Johnson ally quits after groping claims
A TORY MP and close ally of Boris Johnson said yesterday he was to stand down after being accused of sexually assaulting a Labour MP.
Ross Thomson protested his innocence but said he had made the “hardest decision of my life” not to contest Aberdeen South at the general election. But The Daily Telegraph understands he only quit after Aberdeen City Conservative Association made clear it had lost confidence in him.
Simon Turner, chairman of the association, is understood to have told the MP he would not sign Mr Thomson’s nomination papers at a crisis meeting at Mr Thomson’s flat in the city after Paul Sweeney, Labour MP for Glasgow North East, accused the MP of drunkenly groping him.
Mr Thomson, 32, dismissed the claims as “politically motivated smears” when they emerged yesterday, but local Conservative members were understood to be deeply concerned about their impact.
They threatened to damage attempts to hold the seat gained from the SNP in the 2017 election with a 4,752 majority.
His decision to stand down is embarrassing for the Prime Minister as Mr Thomson was his campaign manager in Scotland for the leadership contest.
He quit after Mr Sweeney, 30, claimed in a Sunday newspaper that Mr Thomson groped him in the Commons Strangers’ Bar in October 2018 and argued Aberdeen South voters should be made aware of this before the election.
The Labour MP claimed Mr Thomson “drunkenly” intruded on a conversation before fondling him and trying to thrust a hand in his trousers.
He said he felt a “moral duty” to report the allegation to the Parliamentary Commissioner for Standards after Mr Thomson was removed from the same bar in February allegedly for groping other men.

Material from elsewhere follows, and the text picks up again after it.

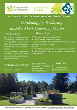 Aiming to utilise and showcase our community neighbourhood houses, this event was held at Bedford Park Community Garden. It was designed to foster wellness and celebrate the joy of being in nature.

Mr Thomson denied all wrongdoing and referred himself to his party’s disciplinary panel. The MP said Mr Sweeney’s allegations were “false” and a “political smear”, before pledging to “continue to fight to clear my name”.
But he added: “Anonymous and malicious allegations this year have made my life a living hell. It has been nothing short of traumatic. My experience is that our politics is now so poisonous that we will never attract good, honest and decent people. I have therefore made the most difficult decision I could ever make and will stand down.”
Tory sources said his local association had “lost confidence in him and felt the campaign would be incredibly hard for Ross.” Although Mr Thomson has been adopted as the Aberdeen South candidate for the forthcoming election, his nomination papers had not yet been submitted.